*Records provided*
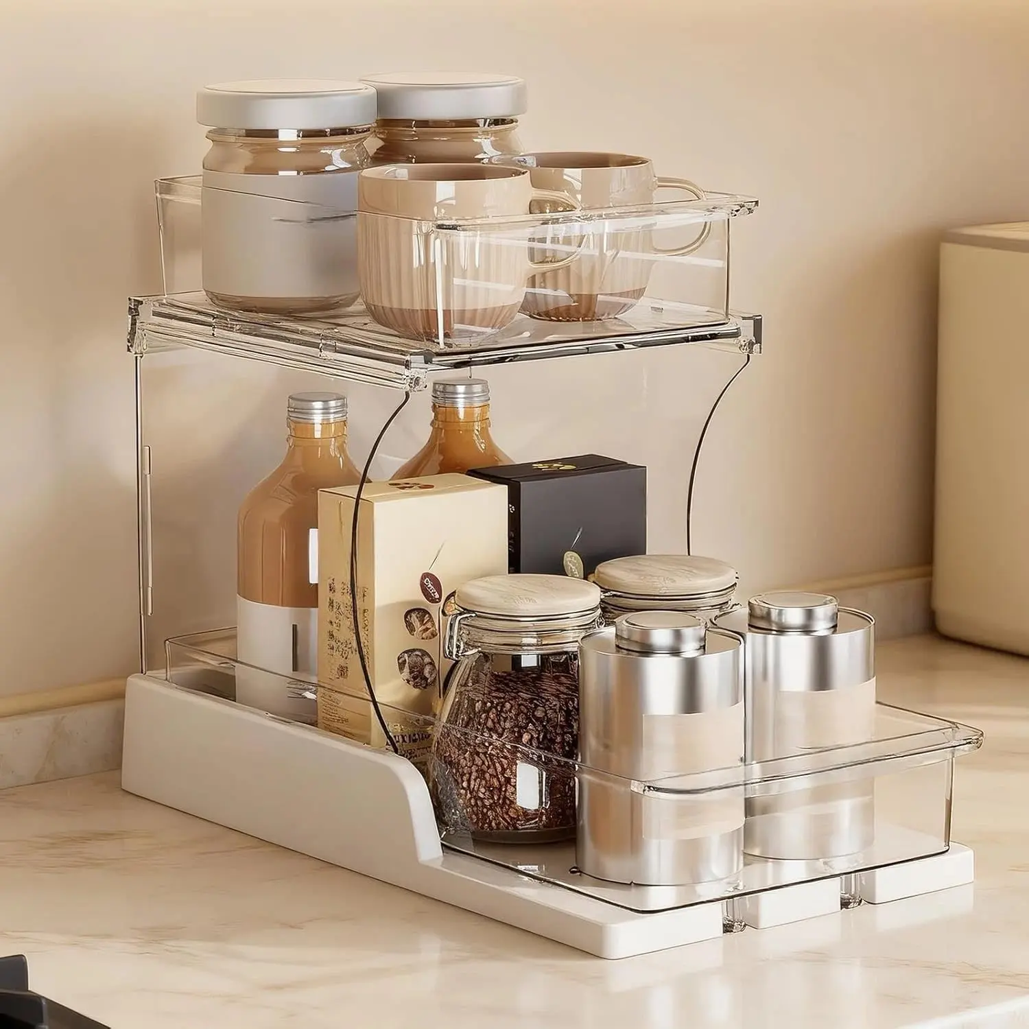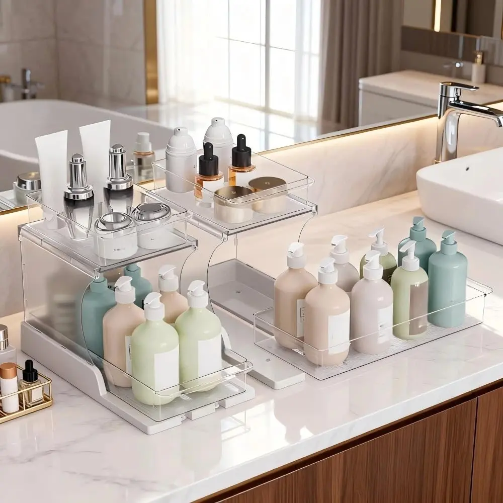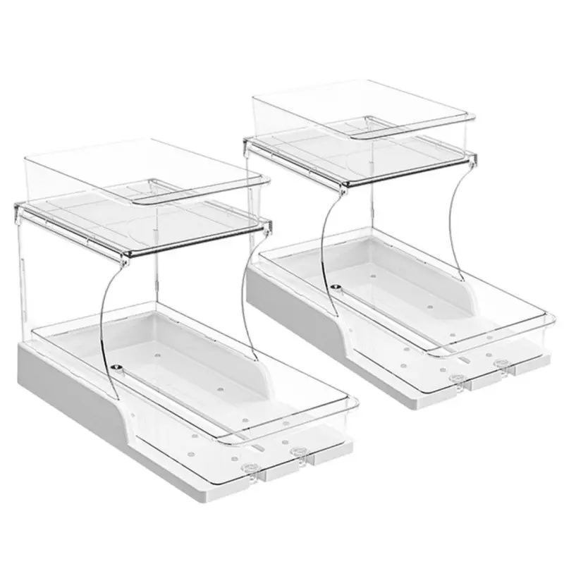Double Layer Pull-Out Cabinet Organizer, Rotating Sliding Drawer Storage Rack, Kitchen and Bathroom Use, Under Cabinet Storage Shelf
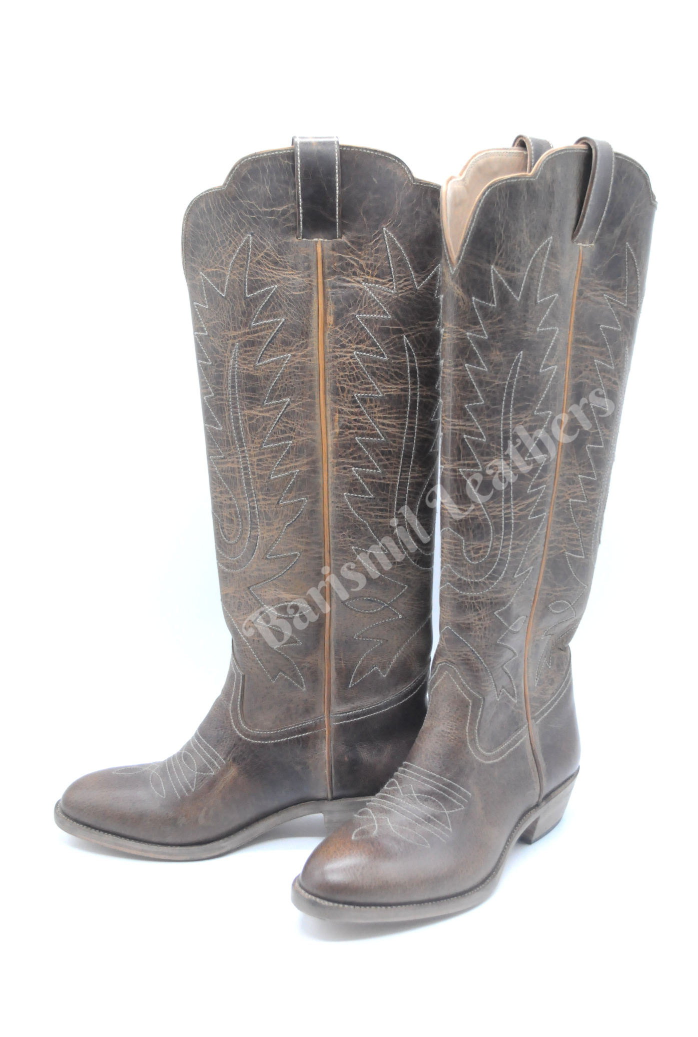 Handmade leather cowboy boot original leather riding boot for men custom made on order.
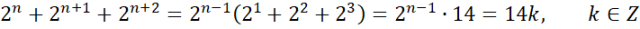 Wykaż, że suma dwóch kolejnych potęg liczby 2 o wykładnikach całkowitych dodatnich jest podzielna przez 6, a suma trzech kolejnych potęg jest podzielna przez 14.
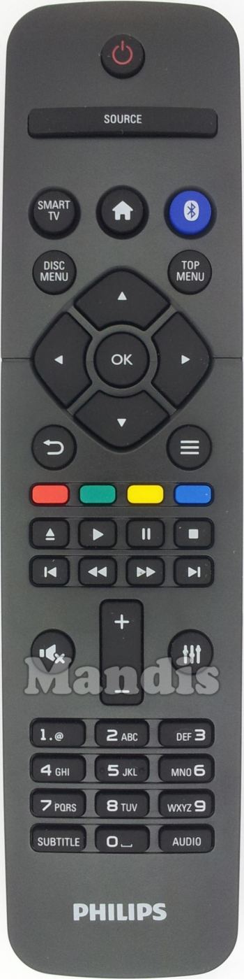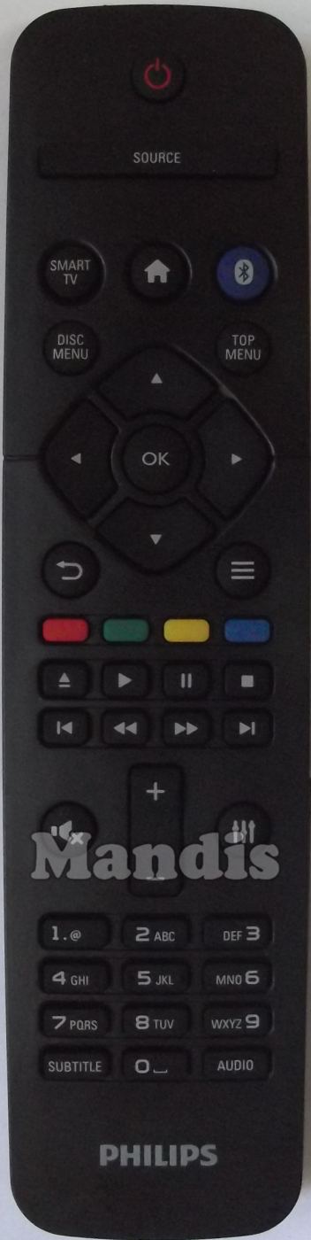 Power, Source, Smart Tv, Home, Bluetooth, Disc Menu, Top Menu, Back, =, Up, Down, Left, Right, OK, Red, Green, Yellow, Blue, Eject, Play, Pause, Stop, I<, <<, >>, >I, Mute, III, Vol+, Vol-, 1, 2, 3, 4, 5, 6, 7, 8, 9, Subtitle, 0, Audio
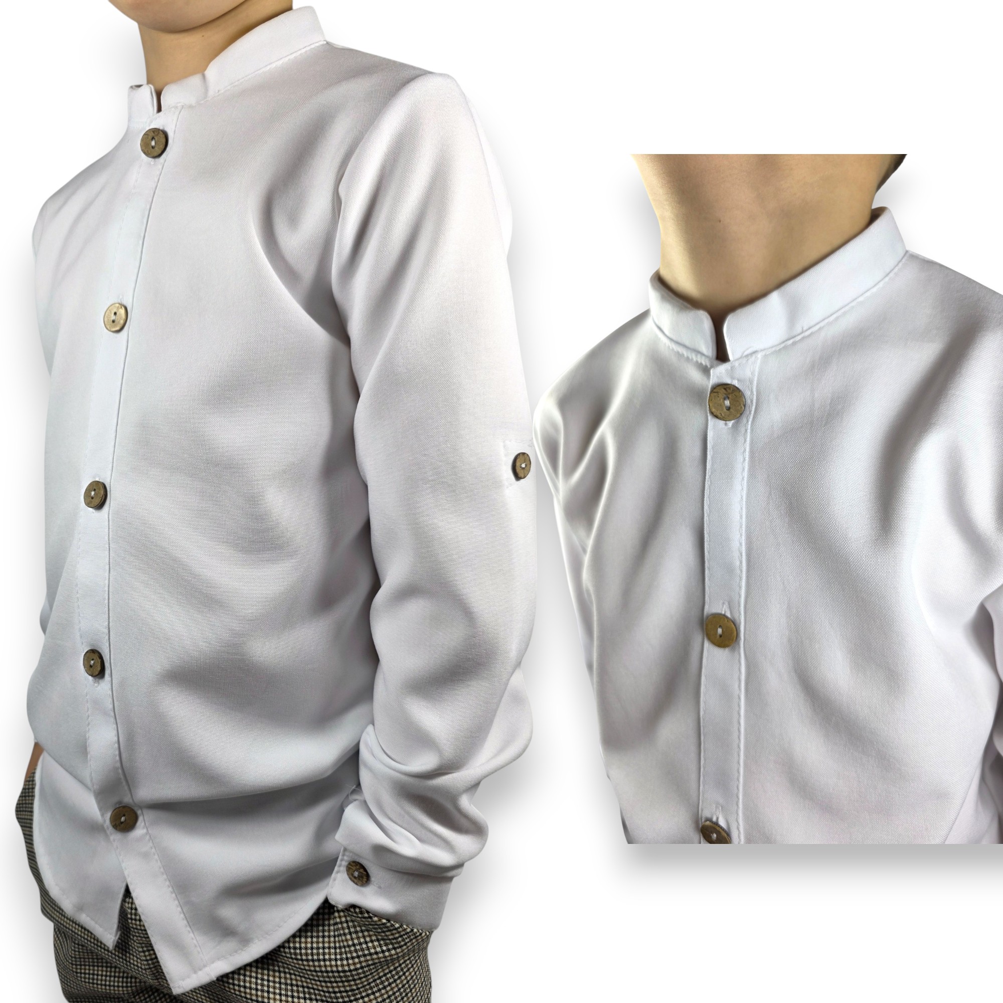 KOSZULA CHŁOPIĘCA stójka biała 100% BAWEŁNA Produkt Polski
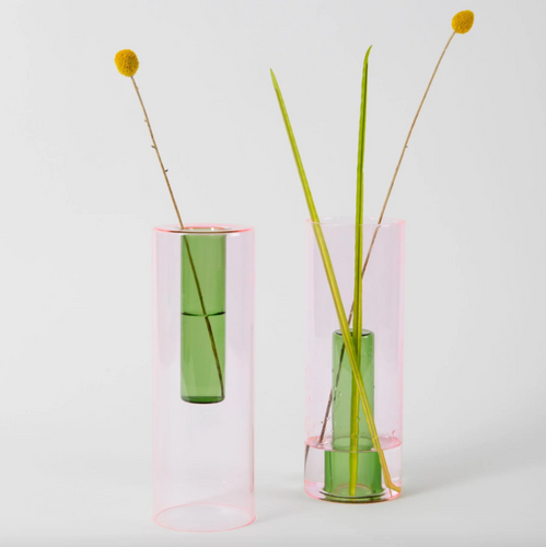 block Design Reversible Glass Vase - Large - Pink / Green $85.00
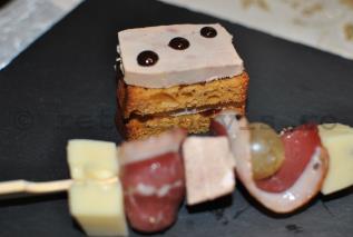 Se ordoneaza apetisant cubulete de cascaval sau swaitzer , pastrama de piept de rata cu strugure si cubuletul de foie gras in mijloc.
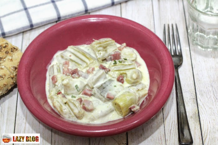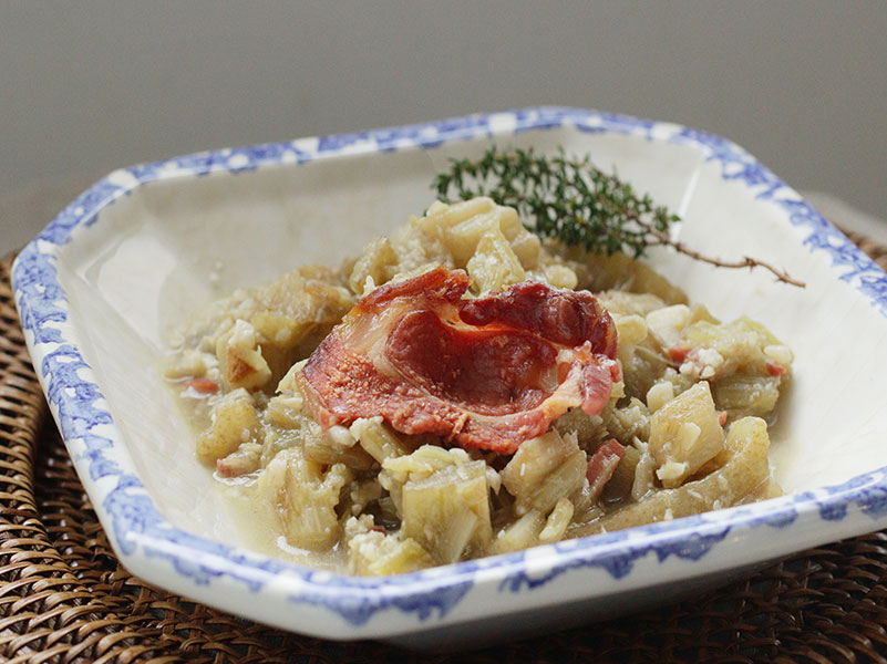 Cardo con alcachofas, jamón y salsa de queso azul
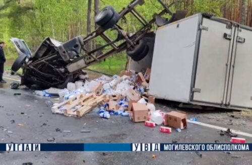 Легковушка опрокинулась после столкновения с грузовиком в Минском районе. Авария произошла сегодня в
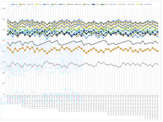 # Step 9: This study conducted a sensitivity analysis (SA) by varying major criteria weights to evaluate the performance of AI techniques for SRMSs. In this regard, 62 experiments were conducted, each representing a different condition, to evaluate the various combinations of the six criteria/characteristics. For each experiment, a new set of CC values for all AI techniques using Equation (18) through the AI-enabled methodology was programmatically calculated. Figure 3 shows the SA of the current study, revealing the performance of AI techniques across 62 experiments. Consequently, AI techniques “T5” and “T10” consistently exhibit higher closeness coefficients across most experiments, indicating their robust applicability and effectiveness in enhancing multiple core characteristics of SRMSs.
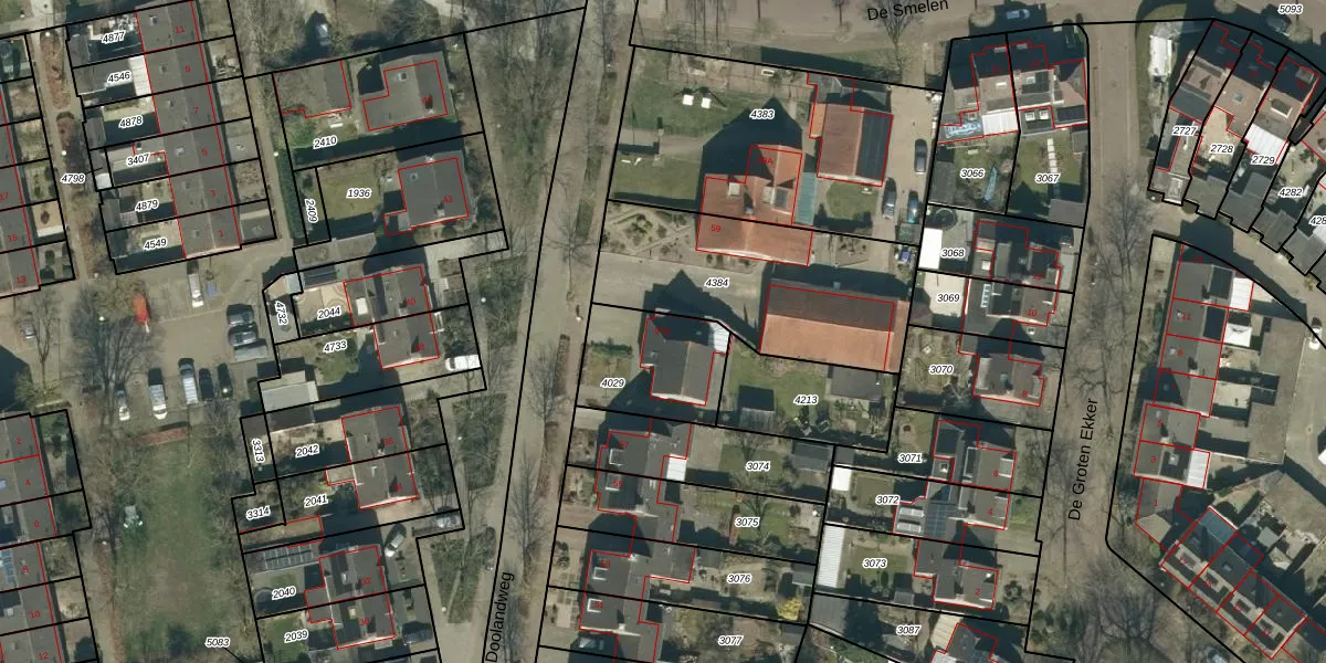 Gebruik de zoekbalk of klik op een perceel voor informatie over de adressen binnen dit perceel.
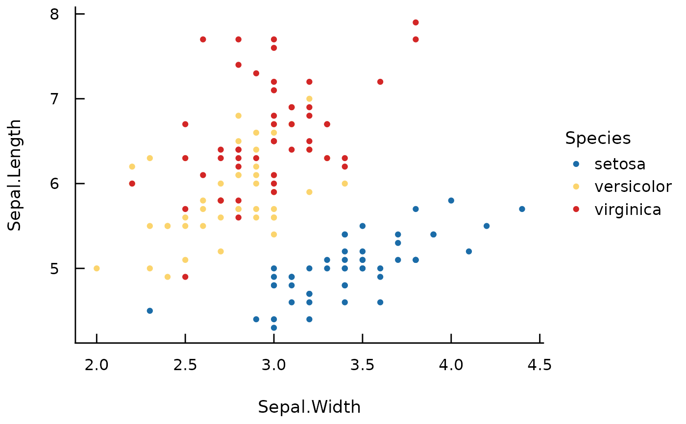 ggplot(iris, aes(x = Sepal.Width, y = Sepal.Length, color = Species)) +
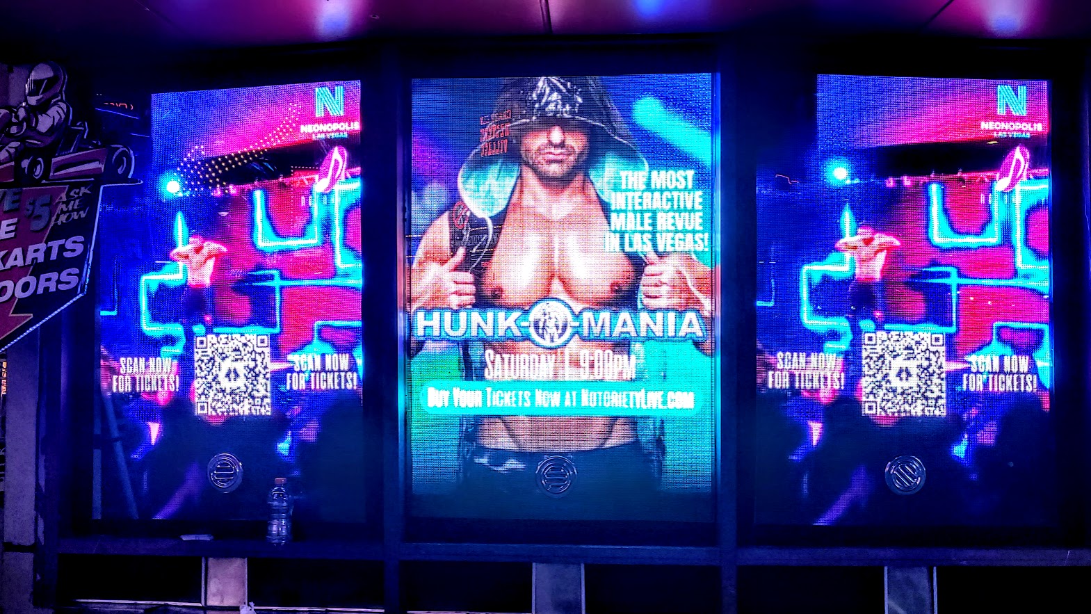 It's somewhat amusing that you'll see more women onstage at HUNK-O-MANIA than men. The smallish cast has no real standouts, and their dancing talents are minimal at best. Combine that with unimaginative costumes and some surprisingly unimpressive physiques, and HUNK-O-MANIA becomes quite the disappointment. So head across the hall to Chase Brown's VEGAS COUNTRY for your downtown man-meat needs.

*Your objective*
Each line from the top of the material through the line containing "Wykaż, że suma" should be reproduced exactly; please drop any images.

*Reply*
Double Layer Pull-Out Cabinet Organizer, Rotating Sliding Drawer Storage Rack, Kitchen and Bathroom Use, Under Cabinet Storage Shelf
 Handmade leather cowboy boot original leather riding boot for men custom made on order.
 Wykaż, że suma dwóch kolejnych potęg liczby 2 o wykładnikach całkowitych dodatnich jest podzielna przez 6, a suma trzech kolejnych potęg jest podzielna przez 14.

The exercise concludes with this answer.